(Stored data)
- - - - - - -

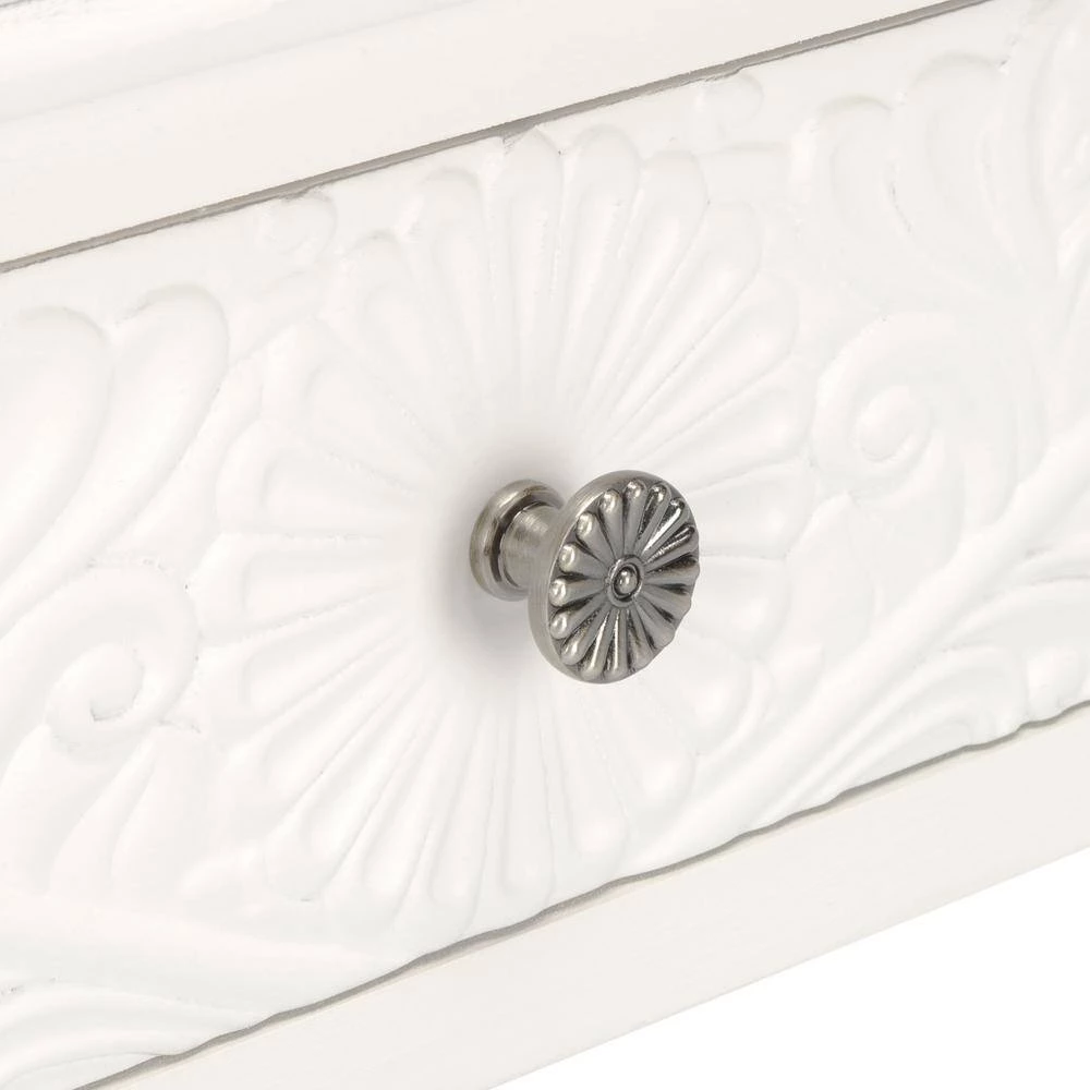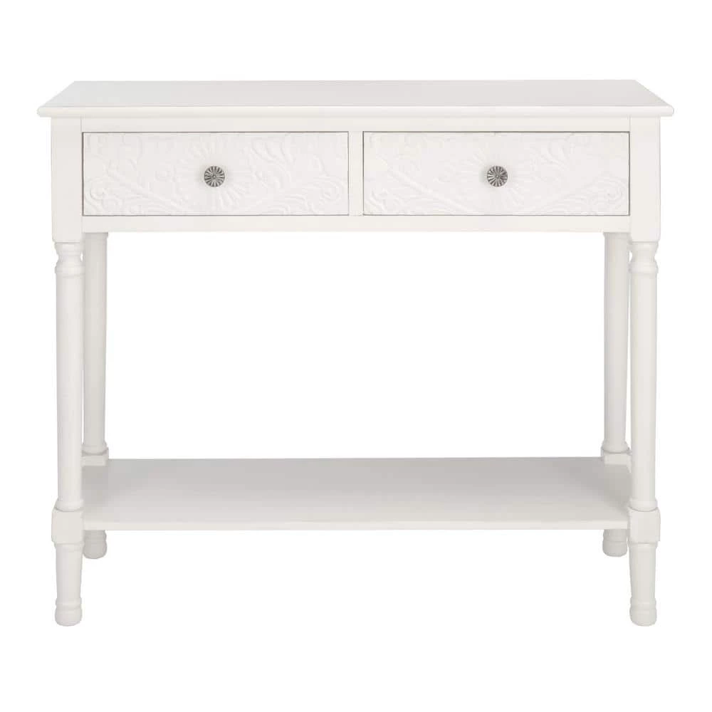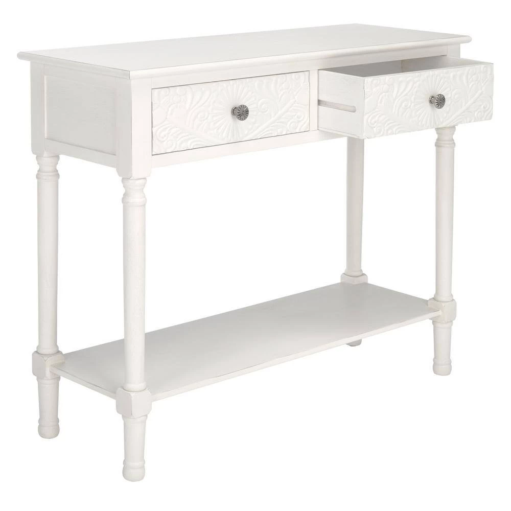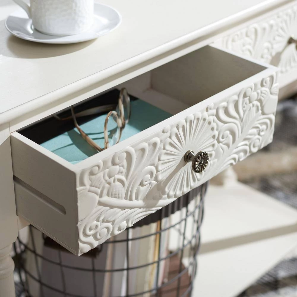 Revitalizing lavish Old World charm for today’s decor, this Josie Console Table is a striking centerpiece in any living room or entryway. Josie flaunts masterful artistry with meticulously carved florals on its 2-spacious drawers and a distressed white finish gives a modern touch to its classically styled frame. This is a great addition for your home whether you live in the country side or the busy city.
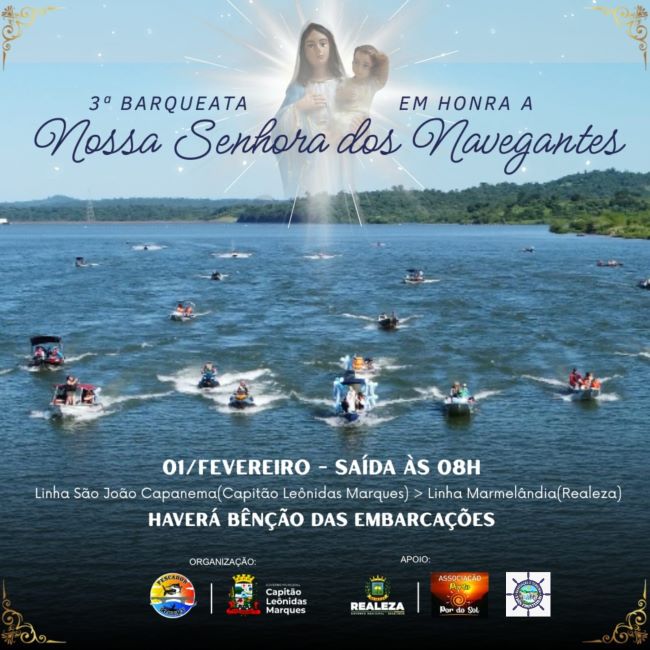 No próximo domingo, 1º de fevereiro, será realizada a 3ª Barqueata em honra a Nossa Senhora dos Navegantes, no Rio Iguaçu, reunindo fiéis, pescadores e amantes da navegação da região. O evento terá saída às 8h, partindo da Linha São João Capanema (região de Capitão Leônidas Marques), com destino à Linha Marmelândia, no município de Realeza.
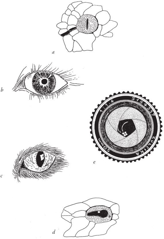 Рис. 5.15. Типы зрачков, в том числе зрачок фотообъектива. Форма зрачка не имеет критического значения, поэтому он может быть любым: (а) сетчатый питон; (b) человек; (с) кошка; (d) древесная змея длиннорылая плетевидка; (е) фотообъектив.
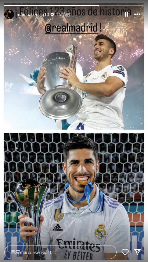 2025-03-07 20:14:30舊將阿森西奧曬昔日捧杯照,慶祝皇馬成立123周年
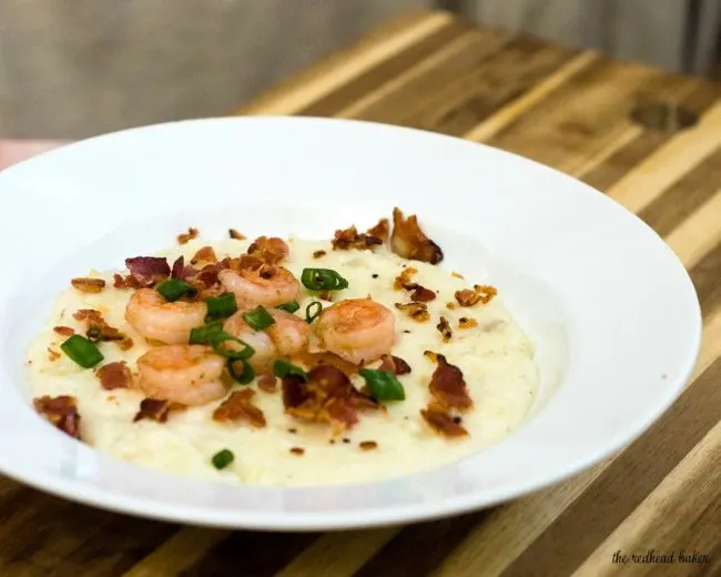 Shrimp and grits are a traditional southern breakfast. Sauteed shrimp are served over grits flavored with sharp Cabot cheddar cheese. #BrunchWeek TheRedheadBaker.com
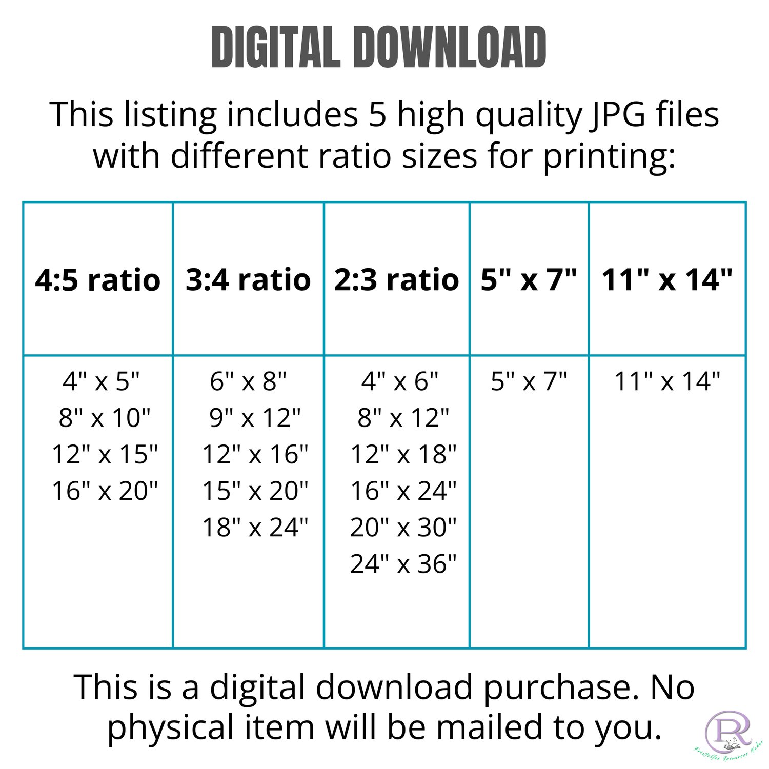 This is a DIGITAL DOWNLOAL listing. No physical product will be mailed to you. After your purchase is confirmed, you will receive an email from Etsy with link that will direct you to your downloadable high-quality JPG files.
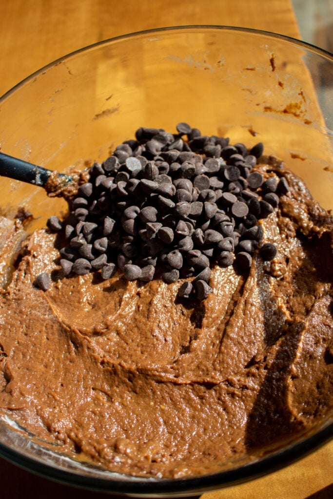 - Add in the chocolate chips and stir in a few times. Do not over-mix!3/4 cups semi-sweet chocolate chips

- - - - - - -

◆ **Required action**
Line by line, transcribe the records exactly, omitting the images.

◆ **Answer section**
 Revitalizing lavish Old World charm for today’s decor, this Josie Console Table is a striking centerpiece in any living room or entryway. Josie flaunts masterful artistry with meticulously carved florals on its 2-spacious drawers and a distressed white finish gives a modern touch to its classically styled frame. This is a great addition for your home whether you live in the country side or the busy city.
 No próximo domingo, 1º de fevereiro, será realizada a 3ª Barqueata em honra a Nossa Senhora dos Navegantes, no Rio Iguaçu, reunindo fiéis, pescadores e amantes da navegação da região. O evento terá saída às 8h, partindo da Linha São João Capanema (região de Capitão Leônidas Marques), com destino à Linha Marmelândia, no município de Realeza.
 Рис. 5.15. Типы зрачков, в том числе зрачок фотообъектива. Форма зрачка не имеет критического значения, поэтому он может быть любым: (а) сетчатый питон; (b) человек; (с) кошка; (d) древесная змея длиннорылая плетевидка; (е) фотообъектив.
 2025-03-07 20:14:30舊將阿森西奧曬昔日捧杯照,慶祝皇馬成立123周年
 Shrimp and grits are a traditional southern breakfast. Sauteed shrimp are served over grits flavored with sharp Cabot cheddar cheese. #BrunchWeek TheRedheadBaker.com
 This is a DIGITAL DOWNLOAL listing. No physical product will be mailed to you. After your purchase is confirmed, you will receive an email from Etsy with link that will direct you to your downloadable high-quality JPG files.
 - Add in the chocolate chips and stir in a few times. Do not over-mix!3/4 cups semi-sweet chocolate chips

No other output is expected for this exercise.